Debra L. Beck and Eugene Braunwald, MD
Alcohol septal ablation was introduced as a new treatment option for symptomatic patients with hypertrophic obstructive cardiomyopathy (HOCM) about 2 decades ago, but there has been persistent concern that the alcohol-induced infarction might have adverse long-term effects and increase the risk of cardiac mortality. Batzner et al studied the long-term survival after echo-guided alcohol septal ablation (percutaneous transluminal septal myocardial ablation [PTSMA]) in symptomatic patients with HOCM.
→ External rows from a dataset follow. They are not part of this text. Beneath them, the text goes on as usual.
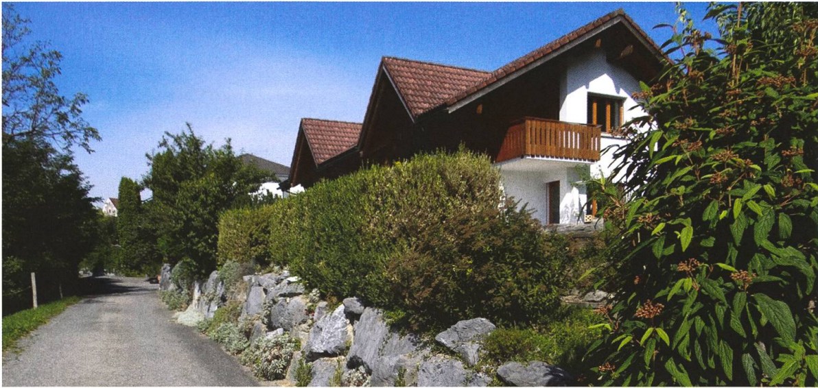
Abb. 2. Rand des Hausgartens Caspär 5 in Jenins (GR), aufgenommen am 3.9.2016, in welchem das ♀ von Rhynchium oculatum oculatum (Fabricius, 1781) aus Abb. 3 am 20.8.2016 entdeckt wurde. Auf der Bruchsteinmauer wächst eine Buchsbaumhecke ( Buxus sempervirens L.) mit Frassschäden durch Raupen des Buchsbaumzünslers ( Cydalima perspectalis).
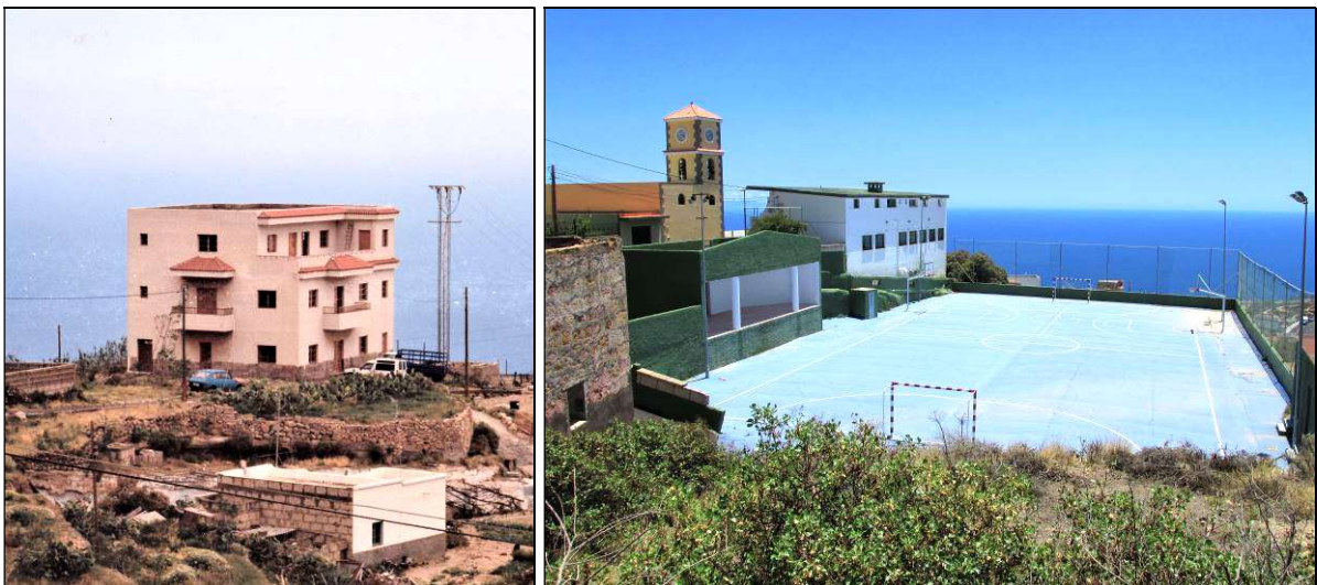
El Centro Cultural y el polideportivo de Lomo de Mena.

Lo que sí se ha conseguido, es la construcción por el Ayuntamiento de un polideportivo en La Hoya, el cual, además de para la práctica de diversas actividades deportivas, también se utiliza en las fiestas, para aquellos actos en los que la asistencia de público desborda la plaza del barrio.
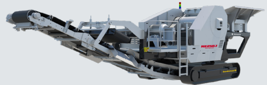
AC4220BH搭載 電動自走式クラッシャ NE250J
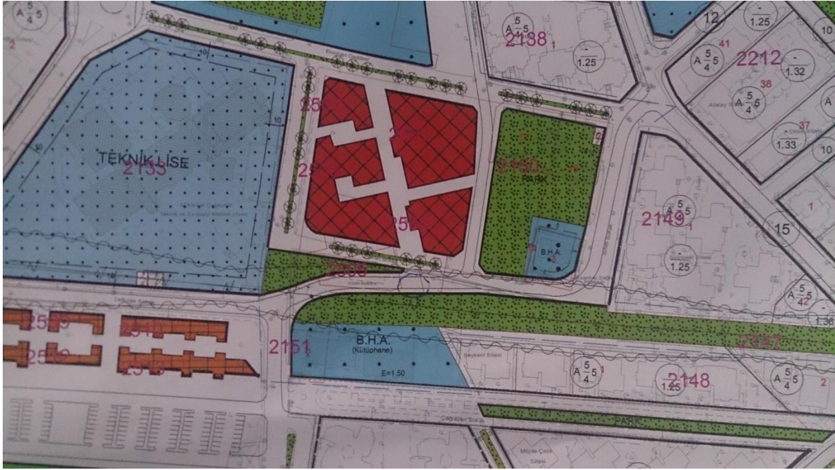
Resim 6. Onaylanan plan değişikliği
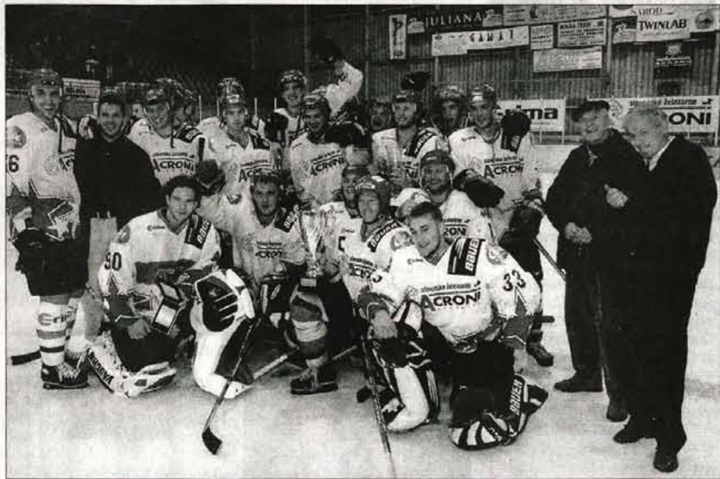
Ekipa Acroni Jesenic se je ob začetku sezone veselila pokala Pivovarne Union.

"Kljub nekaj težavam na začetku sezone smo si s prvim moštvom Acroni Jesenic poleti zastavili visoke cilje. Glavni je bil seveda osvojiti naslov državnih prvakov, vmesni pa so bili naslov zmagovalcev Pokal Union (nekdanjega karavanškega pokala), uvrstitev v drugi krog Kontinentalnega pokala in uvrstitev v polfinale Mednarodne hokejske lige. Res smo slavili v pokalu Union, se uvrstili v drugi krog Kontinentalnega pokala, kjer so nam Čehi onemogočili napredovanje in na koncu osvojili tretje mesto v Mednarodni hokejski ligi. Tudi v državnem prvenstvu smo igrali po pričakovanjih, saj smo se brez težav uvrstili v veliki finale. Žal se je tekmovalje zaključilo z zmagoslavjem Olimpije, razočaranje pa je bilo veliko, saj je bilo, kljub dobri igri našega moštva, usodnih le nekaj trenutkov na posameznih tekmah. Izgubljeno zvezdico bo težko preboleli, vendar pa nam upanje daje nova sezona in uspeh naših mladih selekcij, ki so poskrbele, da na Jesenicah vendarle
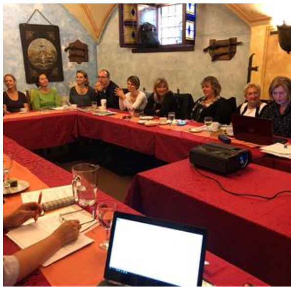
Kampa, členská základna
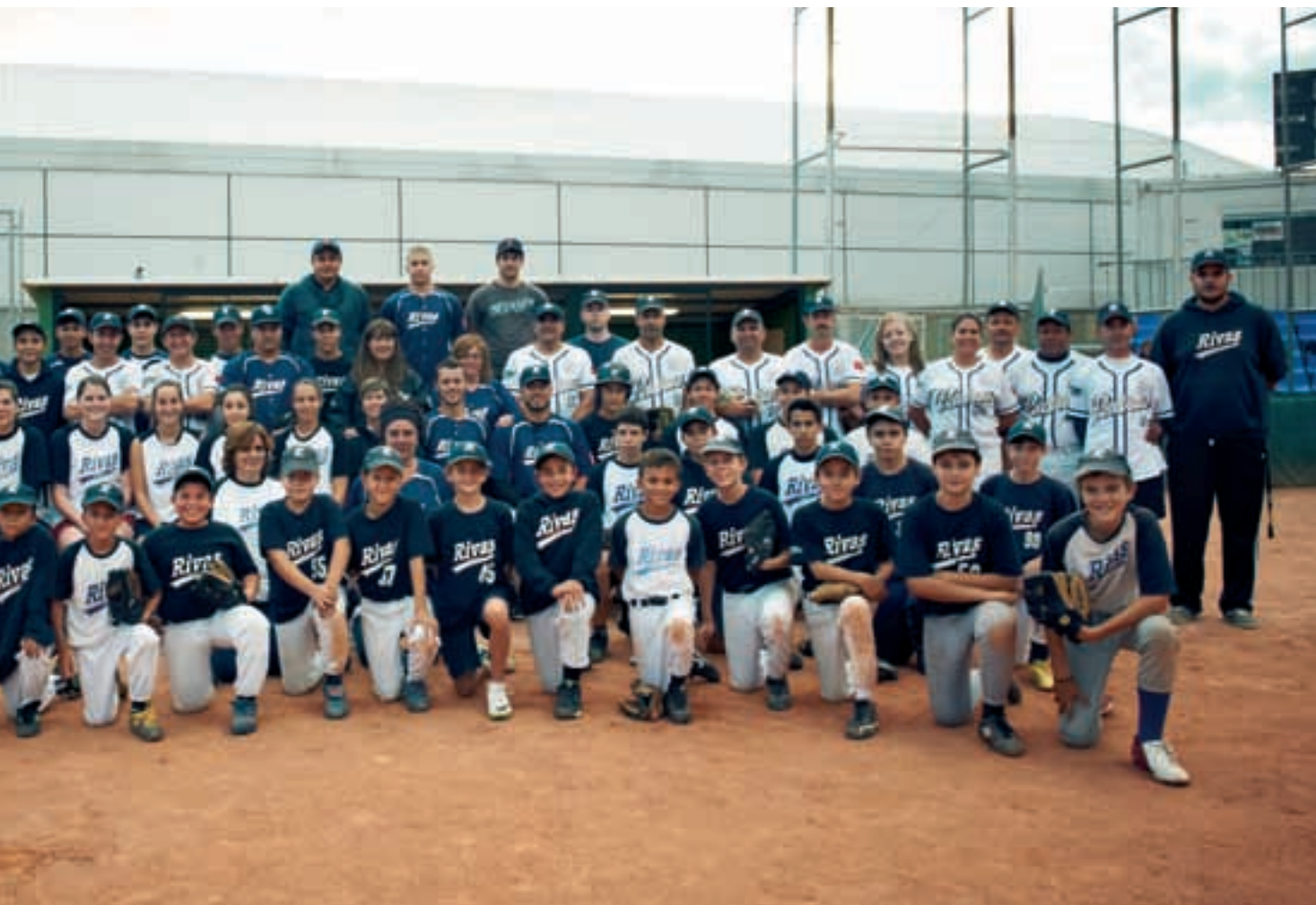
Integrantes del CBS Rivas, en el campo de sófbol del polideportivo Cerro del Telégrafo, el pasado viernes 19 de septiembre, por la tarde.

terreno de hierba para afrontar la División de Honor. El elevado coste de la operación, estimado en su día en 600.000 euros, es lo que ha impedido materializarlo.
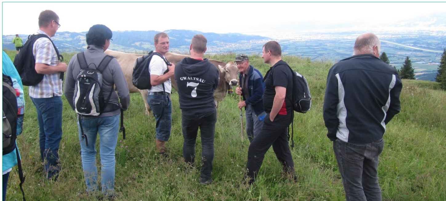
Alp- und Waldbegehung des Ortsverwaltungsrates mit der Geschäftsprüfungskommission
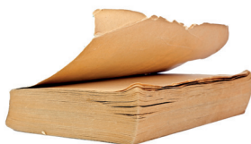
Książki w miękkiej oprawce
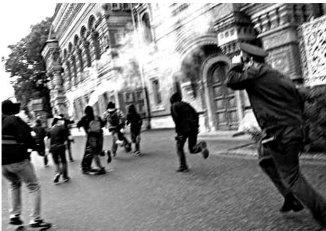
MOSCOU, 11 JUIN

« Dans la nuit du jeudi 12 au vendredi 13 juin, deux entreprises collaborant avec l'État ont été attaquées à Paris. Dans le IX e arrondissement, rue du Faubourg-Poissonnière, une agence Air France a eu toutes ses vitrines brisées et un slogan a été tagué dessus : « SABOTONS LA MACHINE À EXPULSER ». Air France prend en charge volontairement l'expulsion de la plupart des sans-papiers arrêtés.
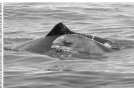
ЦЕНТРИЗУЧЕНИЯ, СПАСЕНИЯ И РЕВІТАЛІЗАЦІЇ МОРСЬКИХ АЛІОПІОЮЩИХ «ВІЗМЯТНЕ МОРЕ»

Дельфин азовка может развивать скорость до 22 километров в час.
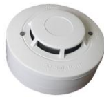
FDR-26-S opticko kouřový EN54-7
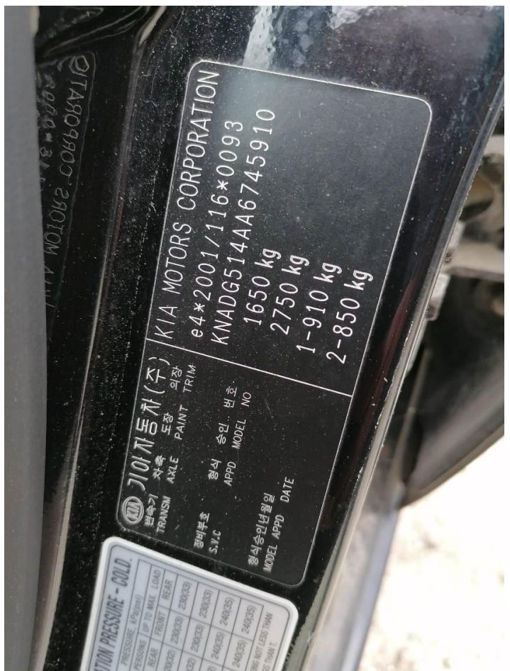
WhatsApp Image 2024-07-29 at 12
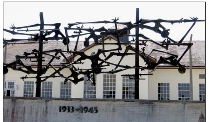
Internationales Mahnmahl – es wurde 1968 auf dem ehemaligen Appellplatz errichtet.
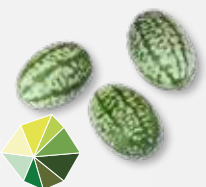
Pepquiño® Fris, licht zure komkommer 1)
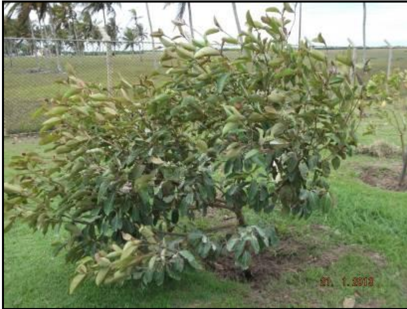
Figura III. 2-3 – Indivíduo demonstrando bom crescimento lateral.
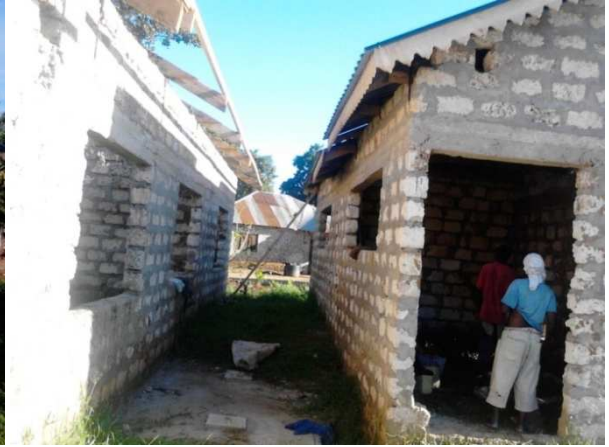
fosse settiche terminate
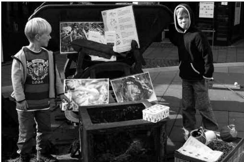
Die Vielfalt der Themen war beeindruckend und reichte von der Haselmaus in der LAG AktivRegion Mittelholstein...

vor, die die ländliche Entwicklung im nördlichsten Bundesland vorantreiben: das Ministerium für Landwirtschaft, Umwelt und ländliche Räume, die Akademie für die Ländlichen Räume Schleswig-Holsteins e. V., mehrere der 21 AktivRegionen und das landesweite Projekt MarktTreff. Den kulinarischen Part der starken schleswig-holsteinischen regionalen Netzwerke übernahm mit zehn Zeltständen der FEINHELMISCH e. V., der Leckereien mit frischen Produkten aus den AktivRegionen bot – von Salzauer Shiitake-
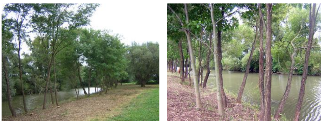
Horvátlovői Pinka szakasz

(Fogható halak: 1,5-3 kg-os pontyok, 0,1-0,5 kg-os kárász, keszeg, Átlag mélység: 2 m)
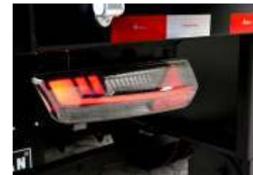
Lanternas traseiras em Led com design moderno.
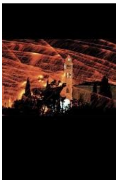
Ο νικητής αναδεικνύεται την ημέρα του Πάσχα.
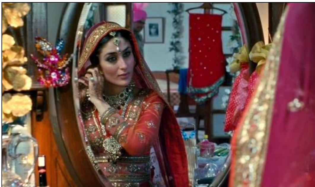
Obrázek 8: Svatební oděv indické nevěsty
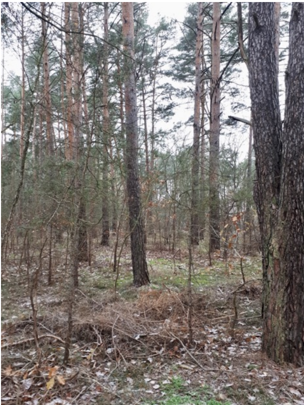
Abb. 6: Heterogene Altersstruktur des Kiefernwaldes
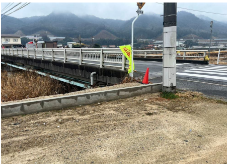
前面道路含む現地写真
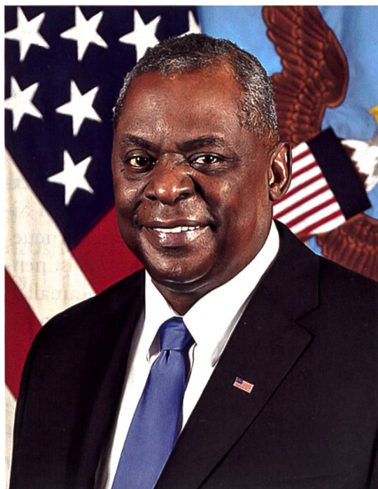
US-Verteidigungsminister Gen aD Lloyd Austin.
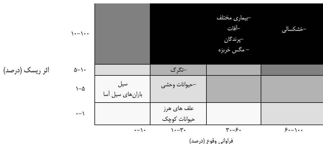
شکل ۲. ماتریس ریسک تولید خربزه در سال ۱۳۹۷
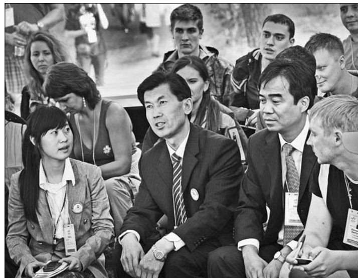
Делегатам КНР на форуме очень понравилось.
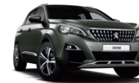
Gris Amazonite μεταλλικό
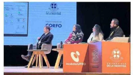
Panel Ley REP: Oportunidades y Desafíos.
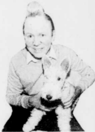
Règlements sur demande.

Courez la chance de gagner un coffret d'albums des aventures de Tintin, offert par les Éditions Casterman, ou 2 billets pour Bruxelles sur les ailes de Sabena, lignes aériennes belges.
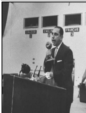
Nació en Caracas el 12/03/1917 Murió en Caracas el 12/09/1987
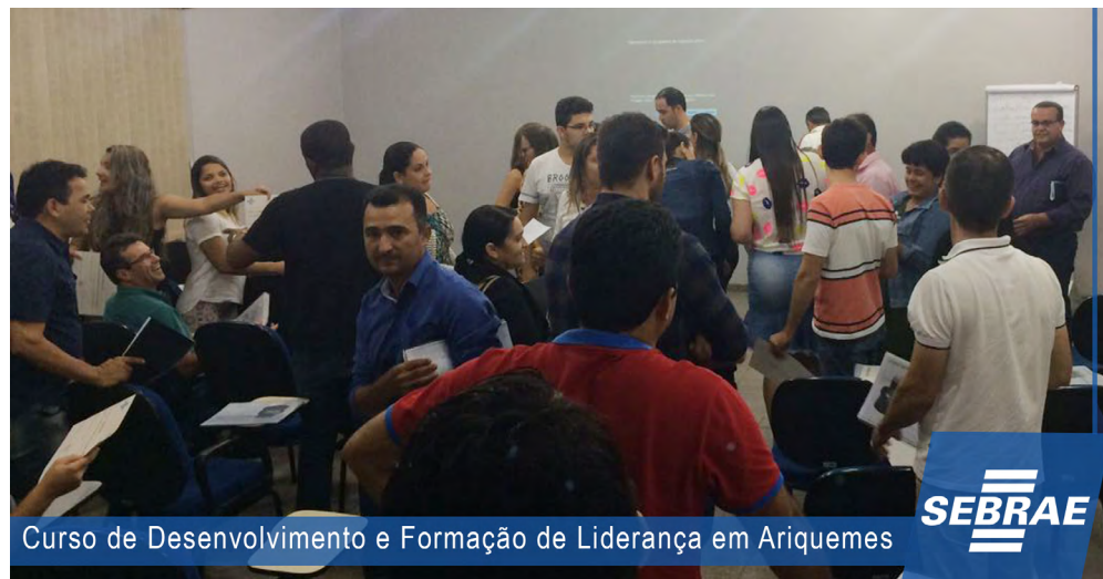
Curso de Desenvolvimento e Formação de Liderança em Ariquemes
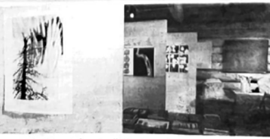
Galerija atidaryta šeštadienį ir sekmadienį nuo 10 iki 18 val. arba iš anksto susitarus (8 621 47966).
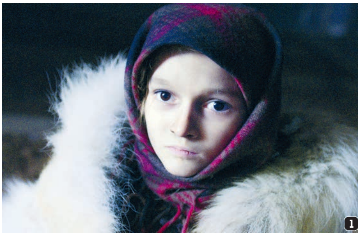
ФОТО ИЗ ОПЫТНЫХ ИСТОЧНИКОВ
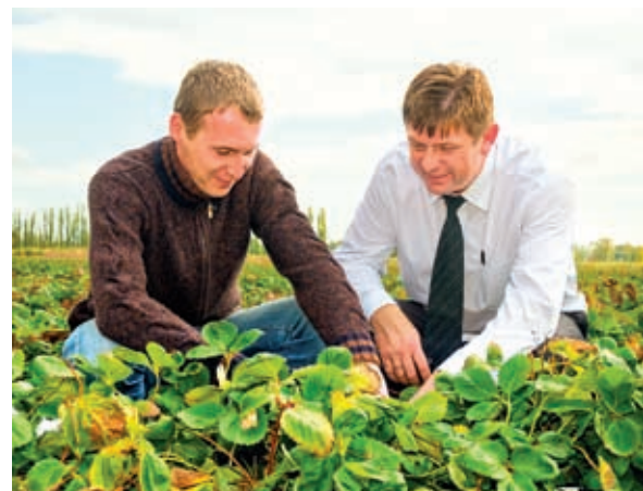
Нововеличковское сельское поселение в Динском районе самое большое. Главная его ценность – земля

Еще одним нововведением предприятия стало выращивание капусты. Это новое направление в деятельности хозяйства, но на него возлагает большие надежды руководство предприятия и великолепием зеленых полей гордится администрация поселения.
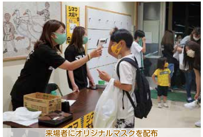
来場者にオリジナルマスクを配布
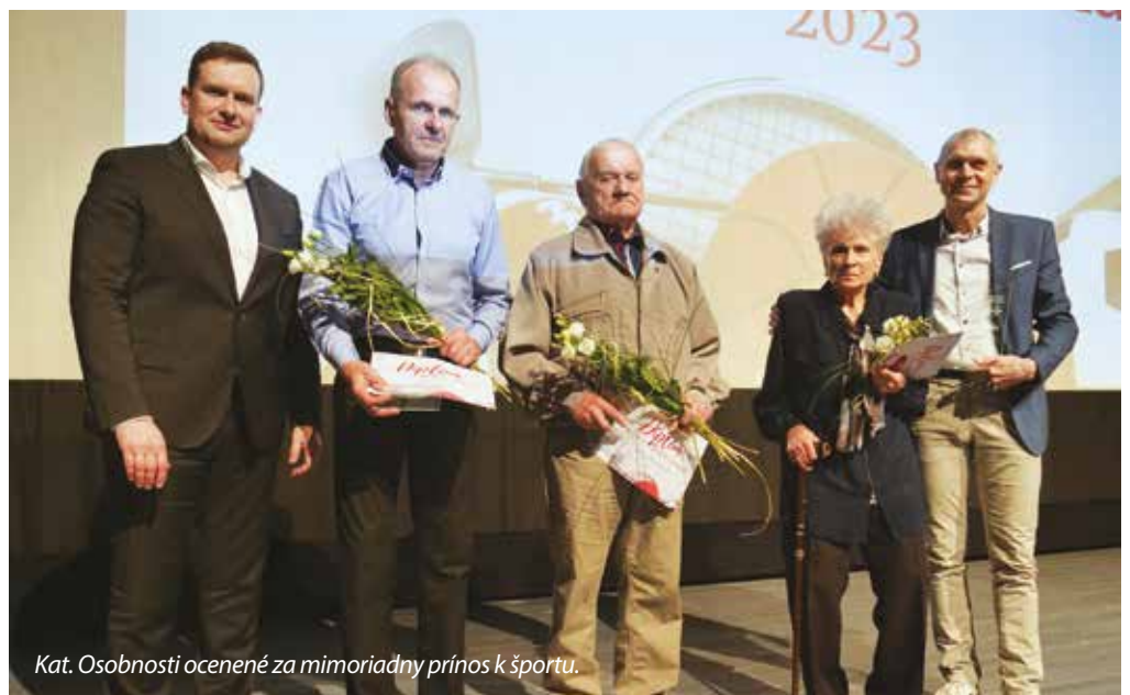
Kat. Osobnosti ocenené za mimoriadny prínos k športu.

From May 2000 to June 2017, PTSMA with alcohol injection was performed in 952 patients (mean age, 55.7 years [range, 14.9 years to 85.1 years]; 59.2% men). The majority of patients were in NYHA class III or IV heart failure (73.3%); 40.7% had exercise-induced syncope and 10.3% had a family history positive for sudden cardiac death. Clinical follow-up after 6.0 ± 5.0 years was achieved in all patients.
During the index procedure, an average of 2.1 ± 0.4 cc of alcohol was injected. Maximal creatine kinase rise was 872 U/l. Echo Doppler gradients were reduced to 33.6 mm Hg at rest and 56.5 mm Hg at Valsalva (p<0.0001 vs. baseline for each).
Total heart block developed during alcohol injection in 39.6% of patients, but implantation of a permanent pacemaker was necessary in only 10.5% of patients.
During hospital stay, 1 patient died due to pulmonary embolism at 3 days after ablation and a second died at 33 days from multiorgan failure after pneumonia (in-hospital death, 0.2%). Including the index and subsequent ablations, (done in 17.2% of patients due to a planned staged procedure), procedure-related mortality was 0.17%.
During follow-up, 1.9% of patients underwent surgical myectomy, and 5.10% underwent cardioverter-defibrillator implantation. Seventy patients died, with the causes being noncardiovascular in 50, stroke-related in 6 and cardiac in 14.
Estimated 5-, 10-, and 15-year overall survival was 95.8%, 88.3% and 79.7%, respectively. Estimated 5-, 10-, and 15-year survival free of cardiovascular events (death related to any cardiovascular disease, including stroke) was 98.6%, 96.5%, and 92.3%, which the corresponding rates for estimated survival free of cardiac events (death related to any cardiac disease, including sudden cardiac death) were 98.9%, 97.0%, and 96.5%.
The researchers concluded that PTSMA is a safe procedure associated with ongoing symptomatic improvement and excellent long-term survival.
“These excellent results provide further reassurance that septal ablation does not increase the risk of sudden cardiac death and sets a benchmark for other institutions performing septal ablation, in analogy to the superb results of septal myectomy reported by a select few surgical centers…” wrote editorialist Dr. MA Fifer. The report also “provides support for the emerging consensus that, for most patients, there is equipoise between septal ablation and septal myectomy.”